= Collected data entries =
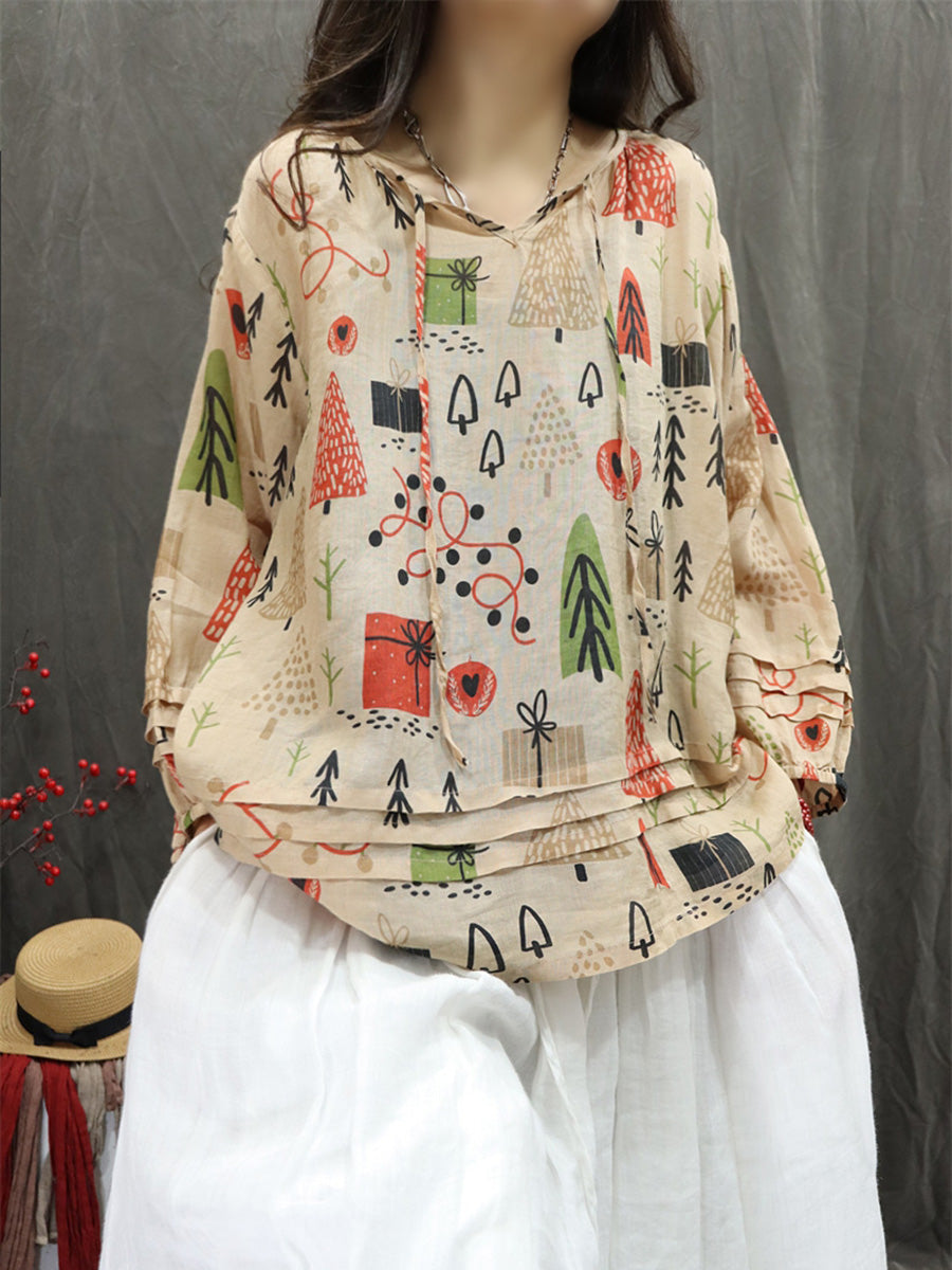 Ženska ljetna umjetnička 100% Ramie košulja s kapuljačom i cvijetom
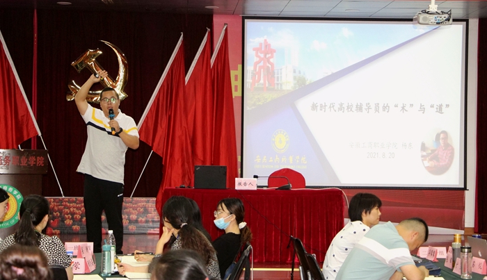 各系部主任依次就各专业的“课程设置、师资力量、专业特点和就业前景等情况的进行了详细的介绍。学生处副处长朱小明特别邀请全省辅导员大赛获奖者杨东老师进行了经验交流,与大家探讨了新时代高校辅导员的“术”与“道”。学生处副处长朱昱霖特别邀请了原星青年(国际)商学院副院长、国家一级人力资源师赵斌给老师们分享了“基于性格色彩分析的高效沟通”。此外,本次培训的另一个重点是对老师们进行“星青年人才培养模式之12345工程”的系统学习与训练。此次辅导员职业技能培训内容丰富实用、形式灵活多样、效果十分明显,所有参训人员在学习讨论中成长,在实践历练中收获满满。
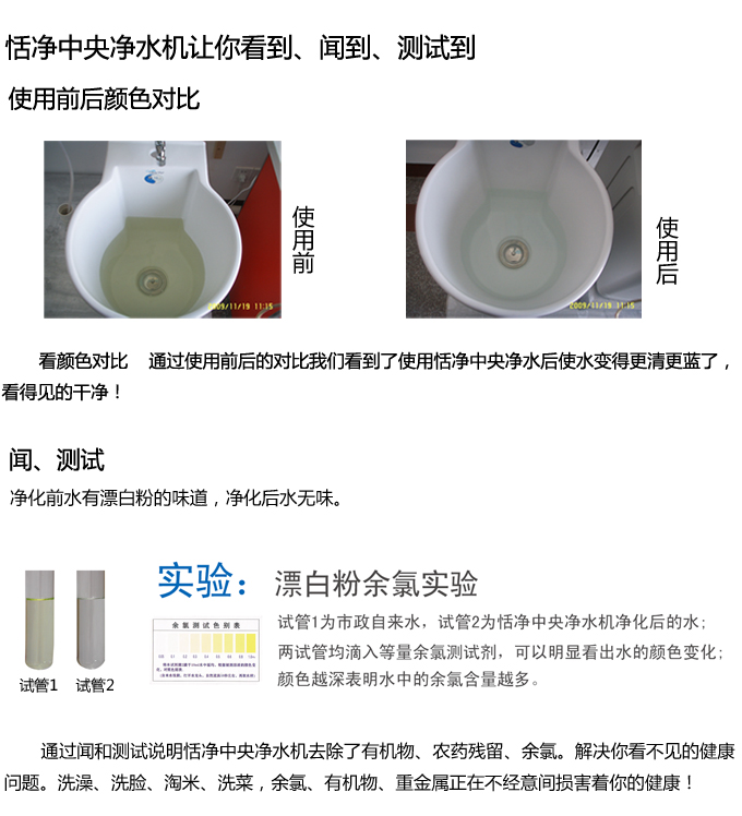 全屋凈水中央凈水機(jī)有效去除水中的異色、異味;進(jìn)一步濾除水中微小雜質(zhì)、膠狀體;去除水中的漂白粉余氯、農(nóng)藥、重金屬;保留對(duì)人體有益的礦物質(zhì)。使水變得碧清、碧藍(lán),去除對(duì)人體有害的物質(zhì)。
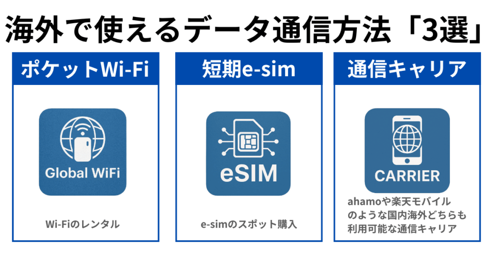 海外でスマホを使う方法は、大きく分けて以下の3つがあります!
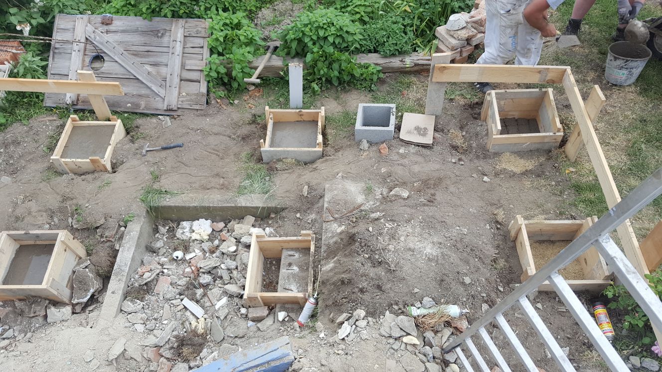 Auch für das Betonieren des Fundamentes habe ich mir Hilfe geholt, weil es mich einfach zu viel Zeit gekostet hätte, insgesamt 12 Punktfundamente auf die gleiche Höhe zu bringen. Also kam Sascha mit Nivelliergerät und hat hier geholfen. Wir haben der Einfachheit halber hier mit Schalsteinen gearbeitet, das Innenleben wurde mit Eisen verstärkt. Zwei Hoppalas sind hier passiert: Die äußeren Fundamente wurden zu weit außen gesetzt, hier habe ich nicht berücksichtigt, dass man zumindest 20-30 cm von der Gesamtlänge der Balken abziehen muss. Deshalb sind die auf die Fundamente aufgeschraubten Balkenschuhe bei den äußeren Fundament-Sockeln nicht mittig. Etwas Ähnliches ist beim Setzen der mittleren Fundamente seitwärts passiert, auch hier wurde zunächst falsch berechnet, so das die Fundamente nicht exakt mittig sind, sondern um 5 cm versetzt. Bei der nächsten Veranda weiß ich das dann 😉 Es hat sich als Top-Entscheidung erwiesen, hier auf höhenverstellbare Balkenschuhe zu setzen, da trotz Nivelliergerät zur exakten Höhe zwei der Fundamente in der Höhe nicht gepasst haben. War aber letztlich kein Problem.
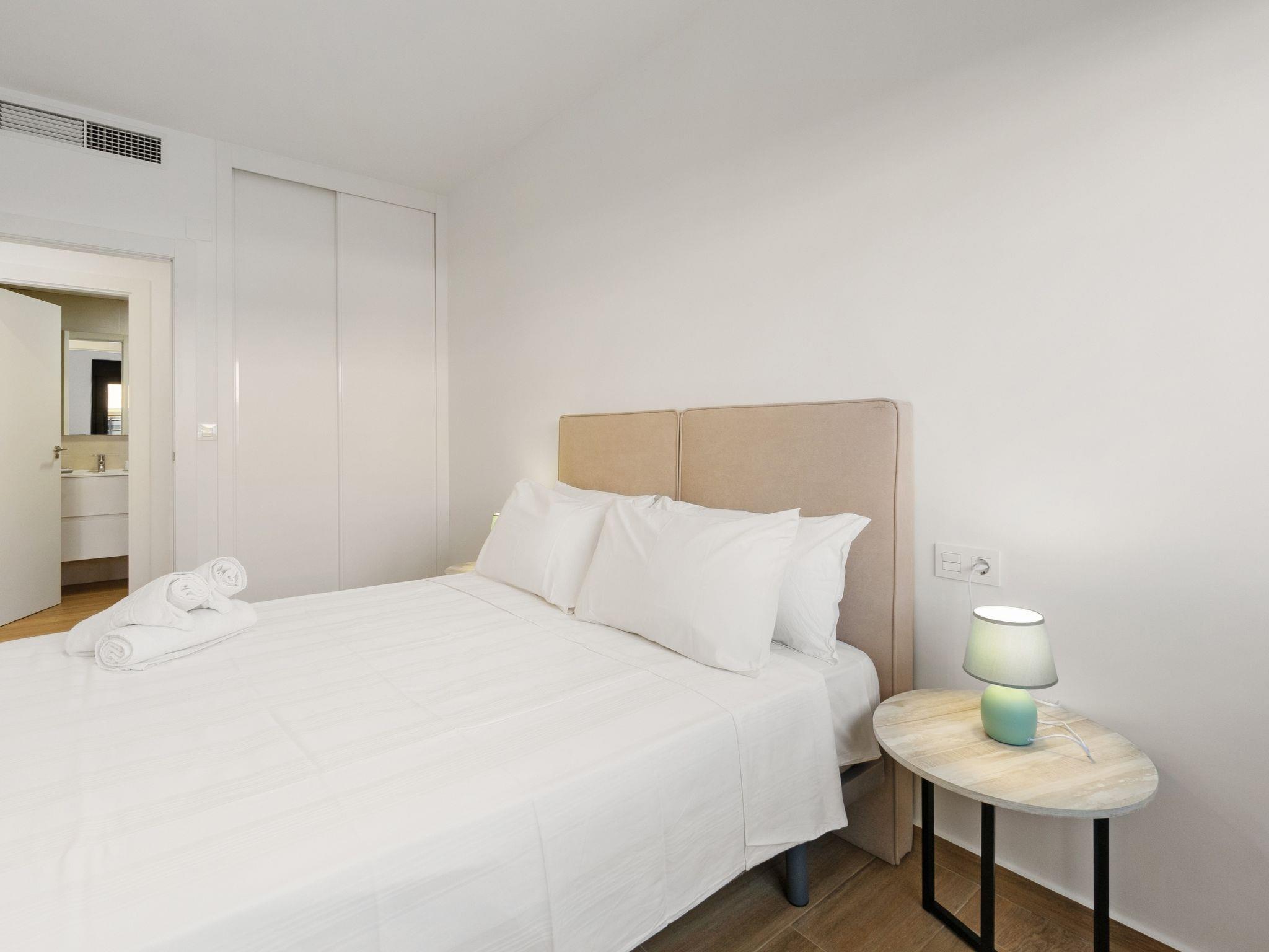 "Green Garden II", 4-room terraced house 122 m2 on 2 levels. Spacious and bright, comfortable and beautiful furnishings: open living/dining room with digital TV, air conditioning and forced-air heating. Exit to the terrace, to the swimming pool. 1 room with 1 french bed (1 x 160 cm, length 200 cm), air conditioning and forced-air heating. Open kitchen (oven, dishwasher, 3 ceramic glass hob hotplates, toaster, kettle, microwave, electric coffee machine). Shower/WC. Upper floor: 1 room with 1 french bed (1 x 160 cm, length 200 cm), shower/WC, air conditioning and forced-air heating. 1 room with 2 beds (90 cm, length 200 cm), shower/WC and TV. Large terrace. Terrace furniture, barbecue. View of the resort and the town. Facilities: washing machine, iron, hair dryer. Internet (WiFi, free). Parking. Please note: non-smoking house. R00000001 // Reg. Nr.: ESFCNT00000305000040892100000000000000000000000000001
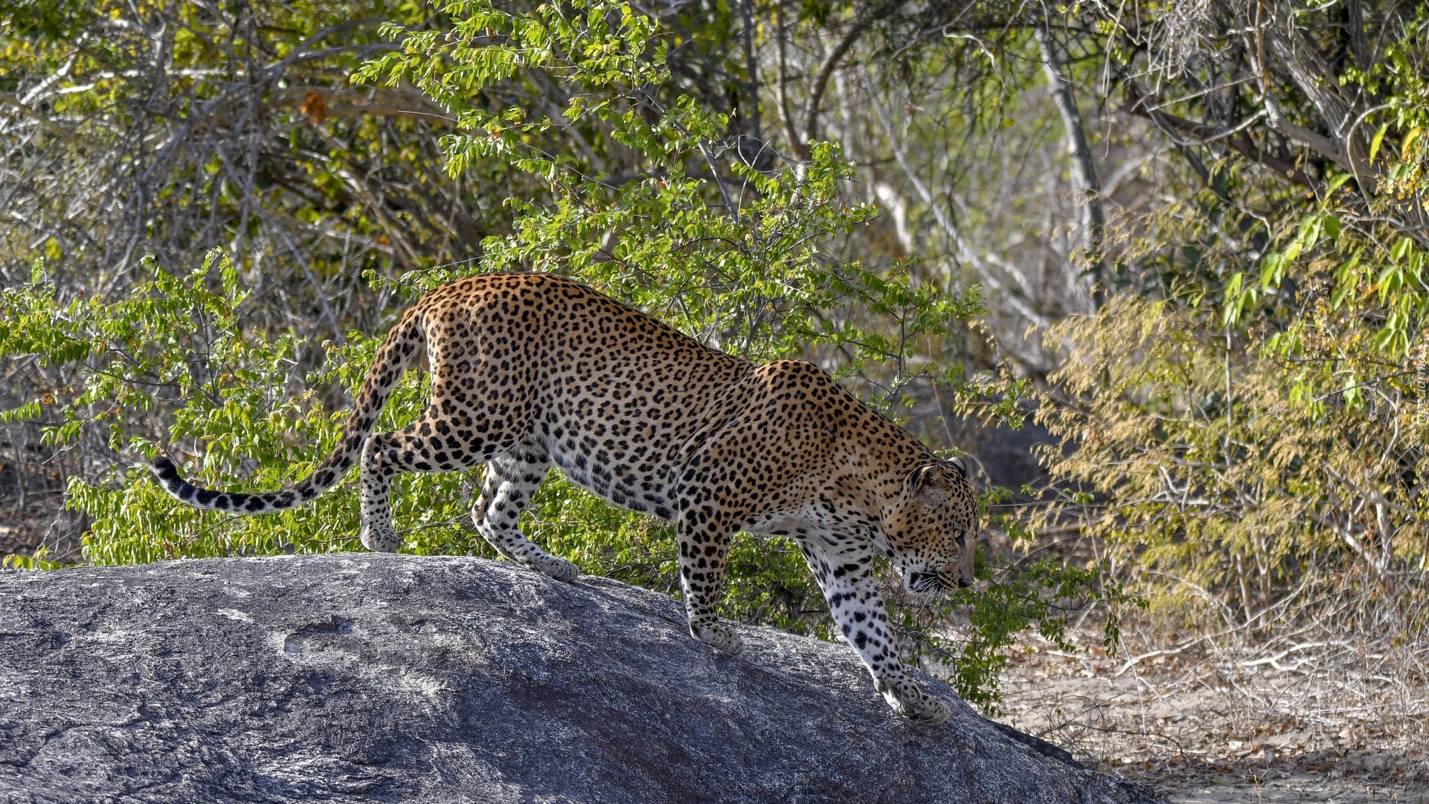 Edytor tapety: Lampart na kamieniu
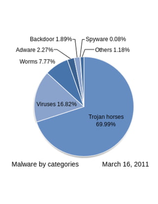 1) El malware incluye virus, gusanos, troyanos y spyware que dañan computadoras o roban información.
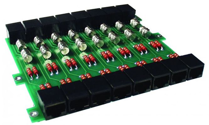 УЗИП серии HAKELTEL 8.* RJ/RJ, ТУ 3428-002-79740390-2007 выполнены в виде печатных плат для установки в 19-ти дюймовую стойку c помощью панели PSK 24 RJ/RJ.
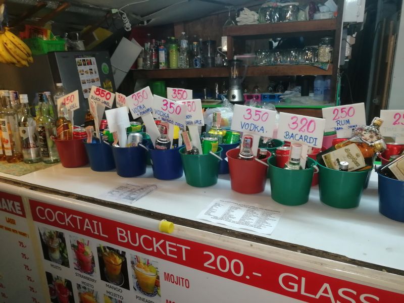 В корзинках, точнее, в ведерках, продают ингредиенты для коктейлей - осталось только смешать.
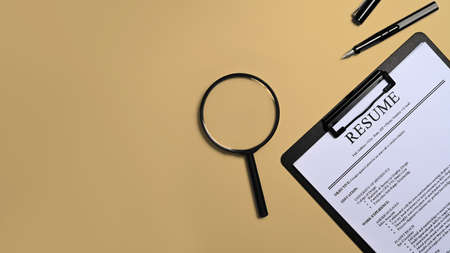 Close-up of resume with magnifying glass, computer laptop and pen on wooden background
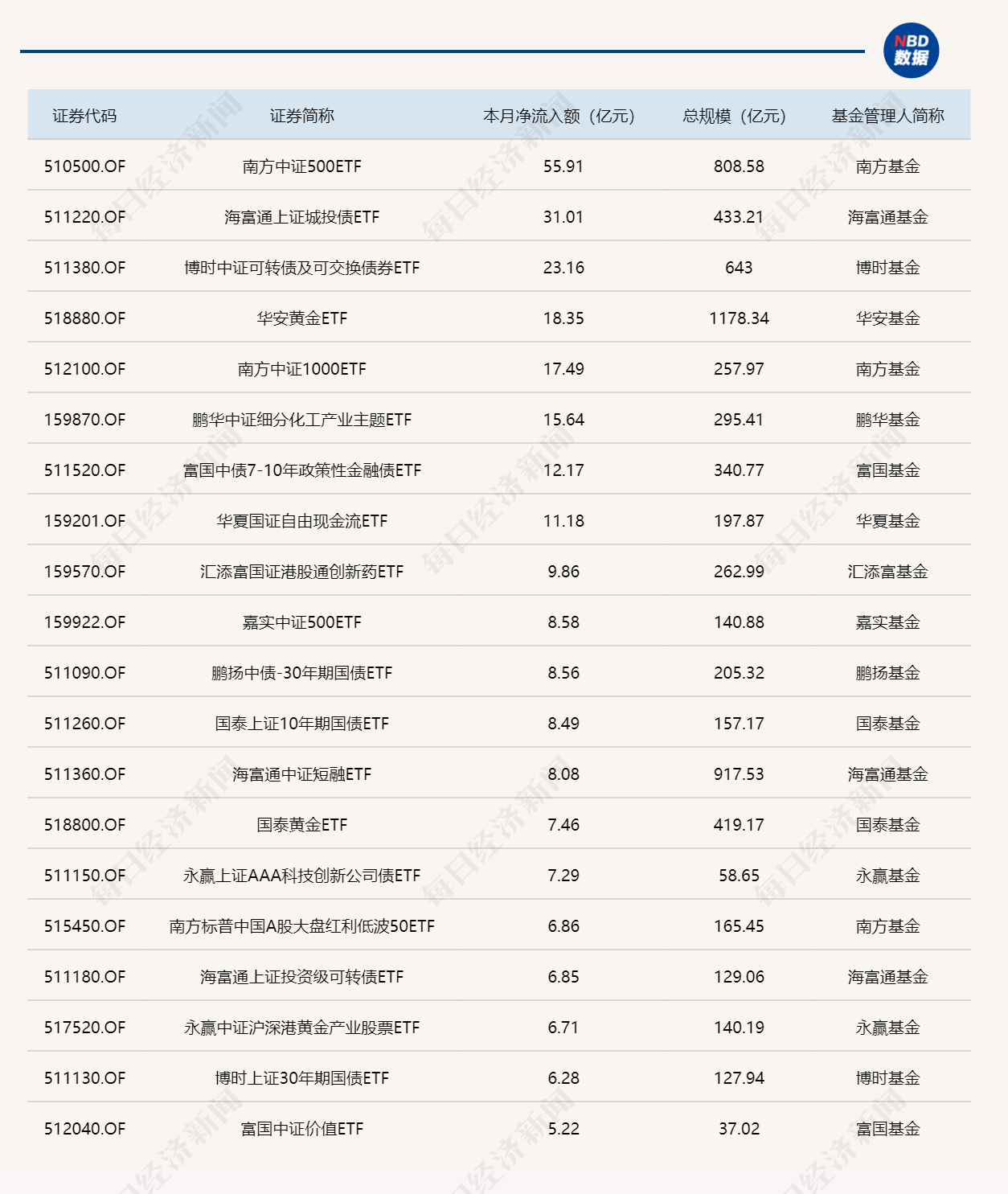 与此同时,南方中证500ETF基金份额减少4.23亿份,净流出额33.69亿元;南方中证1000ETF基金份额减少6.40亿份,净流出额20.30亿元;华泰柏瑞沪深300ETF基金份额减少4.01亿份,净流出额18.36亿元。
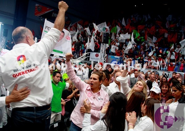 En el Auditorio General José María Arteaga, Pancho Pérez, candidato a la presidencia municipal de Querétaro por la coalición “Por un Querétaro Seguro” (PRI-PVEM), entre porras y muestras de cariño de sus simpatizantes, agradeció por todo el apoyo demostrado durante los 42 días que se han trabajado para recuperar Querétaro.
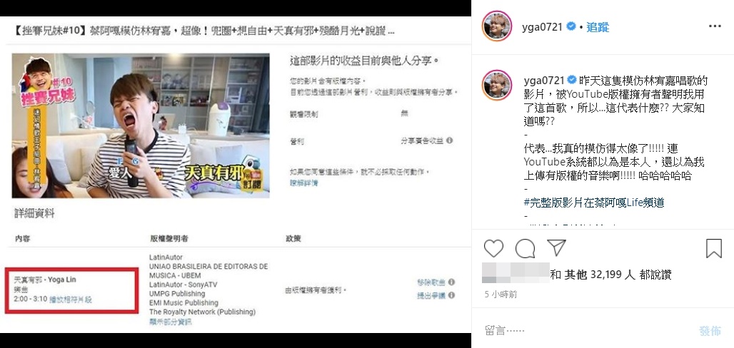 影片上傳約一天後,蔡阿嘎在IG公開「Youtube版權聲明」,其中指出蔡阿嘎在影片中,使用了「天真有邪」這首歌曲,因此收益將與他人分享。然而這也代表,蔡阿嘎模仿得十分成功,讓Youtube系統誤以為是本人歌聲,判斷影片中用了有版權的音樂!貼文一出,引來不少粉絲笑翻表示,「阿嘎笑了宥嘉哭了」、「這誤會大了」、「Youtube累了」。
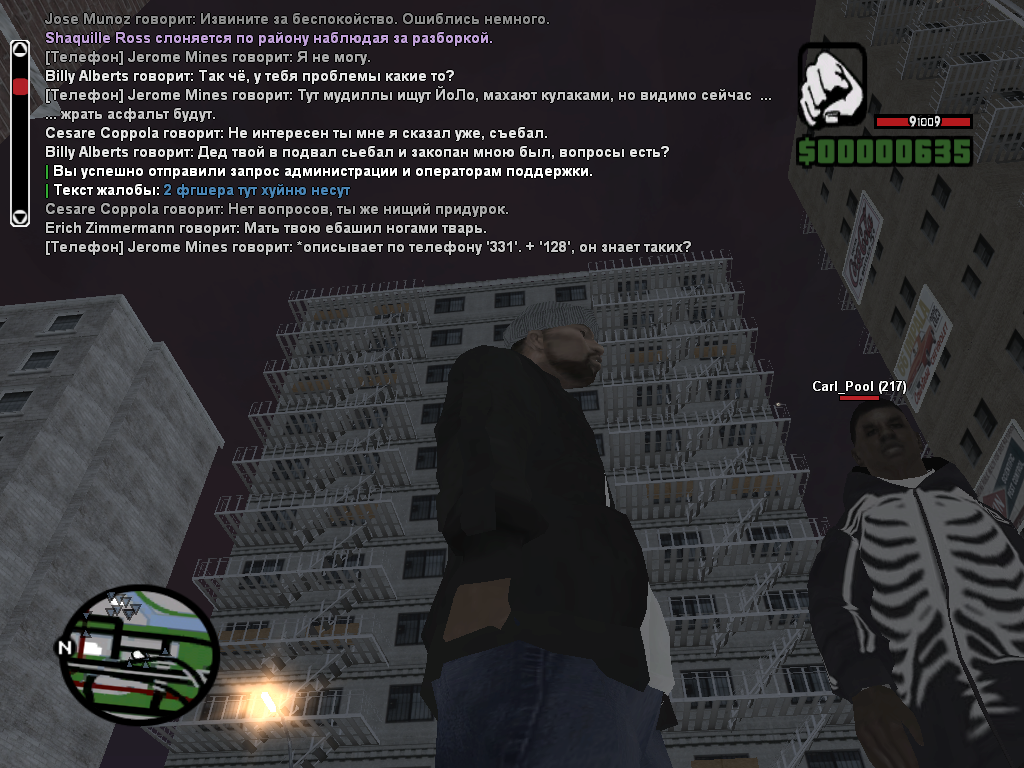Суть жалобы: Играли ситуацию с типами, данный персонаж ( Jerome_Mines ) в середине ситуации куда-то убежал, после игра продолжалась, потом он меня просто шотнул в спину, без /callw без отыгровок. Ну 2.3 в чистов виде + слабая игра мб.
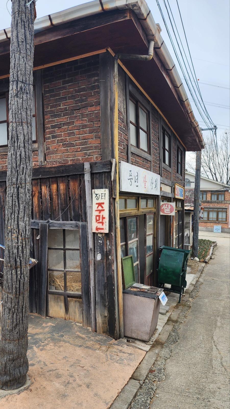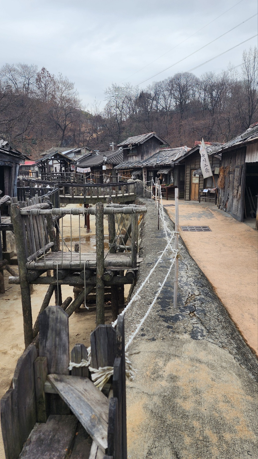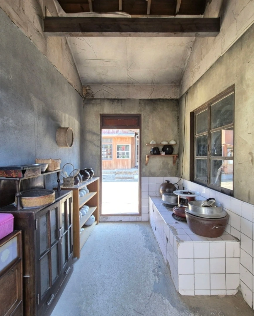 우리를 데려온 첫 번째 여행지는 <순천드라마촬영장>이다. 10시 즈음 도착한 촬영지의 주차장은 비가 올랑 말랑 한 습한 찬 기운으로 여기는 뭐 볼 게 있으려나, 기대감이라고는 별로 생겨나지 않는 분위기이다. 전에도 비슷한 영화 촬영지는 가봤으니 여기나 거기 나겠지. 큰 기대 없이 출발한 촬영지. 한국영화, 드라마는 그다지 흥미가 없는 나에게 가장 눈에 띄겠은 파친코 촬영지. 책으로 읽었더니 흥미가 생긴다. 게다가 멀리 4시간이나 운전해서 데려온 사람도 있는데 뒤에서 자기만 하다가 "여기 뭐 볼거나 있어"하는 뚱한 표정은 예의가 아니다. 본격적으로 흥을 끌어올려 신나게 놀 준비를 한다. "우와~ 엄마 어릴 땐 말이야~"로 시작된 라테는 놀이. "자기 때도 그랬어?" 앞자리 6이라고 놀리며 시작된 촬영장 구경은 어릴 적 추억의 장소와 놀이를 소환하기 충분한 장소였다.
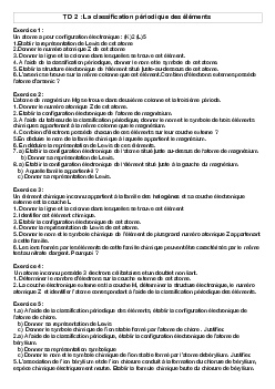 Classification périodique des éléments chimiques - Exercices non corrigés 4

= Exercise instructions =
From the line containing "与此同时,南方中证500ET" through the line containing "影片上傳約一天後,蔡阿嘎在I", copy every line above exactly, without pictures.

= Answer area =
 与此同时,南方中证500ETF基金份额减少4.23亿份,净流出额33.69亿元;南方中证1000ETF基金份额减少6.40亿份,净流出额20.30亿元;华泰柏瑞沪深300ETF基金份额减少4.01亿份,净流出额18.36亿元。
 En el Auditorio General José María Arteaga, Pancho Pérez, candidato a la presidencia municipal de Querétaro por la coalición “Por un Querétaro Seguro” (PRI-PVEM), entre porras y muestras de cariño de sus simpatizantes, agradeció por todo el apoyo demostrado durante los 42 días que se han trabajado para recuperar Querétaro.
 影片上傳約一天後,蔡阿嘎在IG公開「Youtube版權聲明」,其中指出蔡阿嘎在影片中,使用了「天真有邪」這首歌曲,因此收益將與他人分享。然而這也代表,蔡阿嘎模仿得十分成功,讓Youtube系統誤以為是本人歌聲,判斷影片中用了有版權的音樂!貼文一出,引來不少粉絲笑翻表示,「阿嘎笑了宥嘉哭了」、「這誤會大了」、「Youtube累了」。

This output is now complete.